From: Foundations of Programming: Object-Oriented Design

Video: Example: the memento pattern

Next let's take a look at the Memento Design Pattern. This is a way of managing change, basically a way to undo a change to an object, but doing it in a way that does not violate encapsulation, and the idea that an object should always manage itself. I am going to illustrate this one without code. This Memento Design Pattern requires three classes that take certain roles, and we'll call them the Originator, the Caretaker, and the Memento. So we have the Originator. This is the object that you want to be able to change, and then undo any changes to.

Example: the memento pattern

Next let's take a look at the Memento Design Pattern. This is a way of managing change, basically a way to undo a change to an object, but doing it in a way that does not violate encapsulation, and the idea that an object should always manage itself. I am going to illustrate this one without code. This Memento Design Pattern requires three classes that take certain roles, and we'll call them the Originator, the Caretaker, and the Memento. So we have the Originator. This is the object that you want to be able to change, and then undo any changes to.

For you this could be a customer object, a spaceship object, whatever needs to be able to reverse out a change. But the question is who is changing it, who is affecting it? Well, then we have the object we refer to as the Caretaker. This object is going to deal with taking care of when and why the Originator needs to either save its state or to revert back to a previous state. Now, the Caretaker is often also the object that will actually be changing the Originator, so it's in a good position to know when it needs to save state.

So the Originator is in a particular state at the moment, and the Caretaker requests that the Originator save itself, and here is where the Memento object comes into play.

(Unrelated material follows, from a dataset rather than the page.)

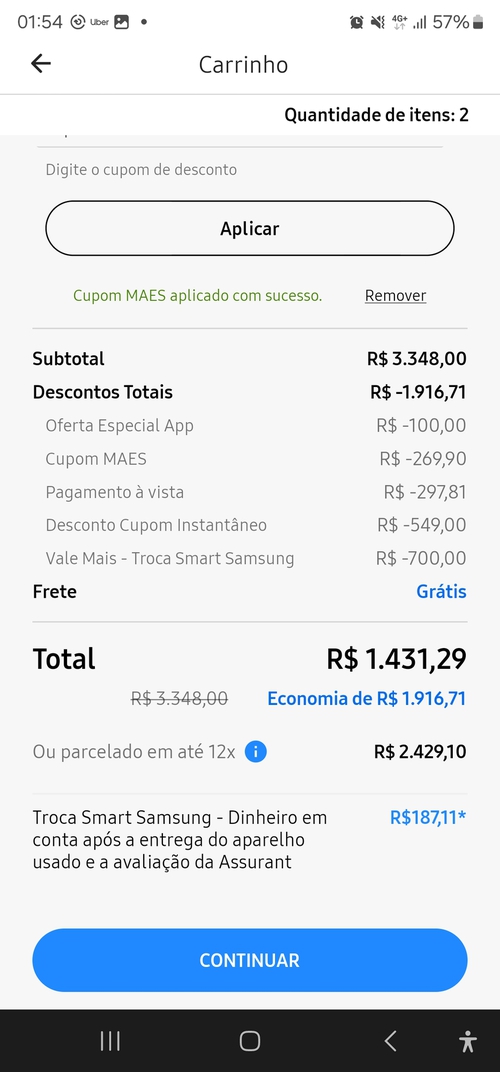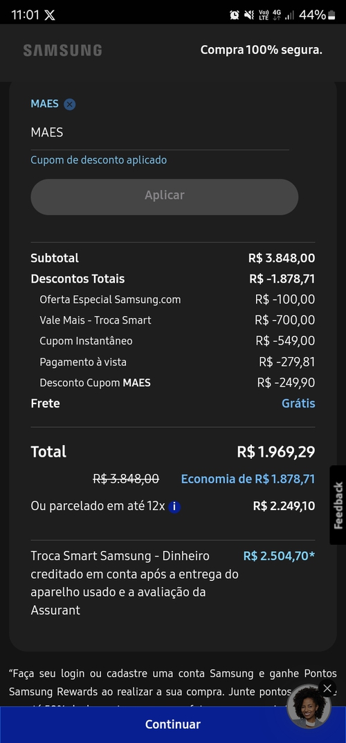 Pra quem não está aparecendo o desconto do Troca Smart, fica adicionando e tirando 1 unidade a mais do celular. Quando comprei, só apareceu depois de umas 20 tentativas.

The Originator creates a Memento object, which is a simple object that just details the important parts of the Originator, the information needed to return to a particular state. And it bundles that information up in the Memento and returns it to the Caretaker. And here's the thing. The Caretaker does nothing except store that Memento.

It doesn't look at the internal state of that object, it doesn't do anything with it, it just takes care of it. And then we issue a few calls to the Originator to change it. These calls could come from the Caretaker, they could come from elsewhere. And at any point the Caretaker could ask again for another Memento, if we wanted to keep multiple levels of undo. But the Originator is not encumbered by trying to keep track of multiple levels of state inside itself. And if we want to revert to a particular state, the Caretaker just hands back the Memento object to the Originator and asks it to restore itself.

So we're not breaking encapsulation, the Originator is still the object that takes care of its own internal state. We're not reaching in from the outside and starting to tweak all the different attributes. But neither does the Originator need to keep its own stack of changes to itself. As you can see, with this one, this could be implemented in virtually any Object-Oriented Design language, and this is the Memento Design Pattern. When you start to explore Design Patterns, particularly simple ones like Memento, it's common to occasionally think, well, I could have come up with that idea myself.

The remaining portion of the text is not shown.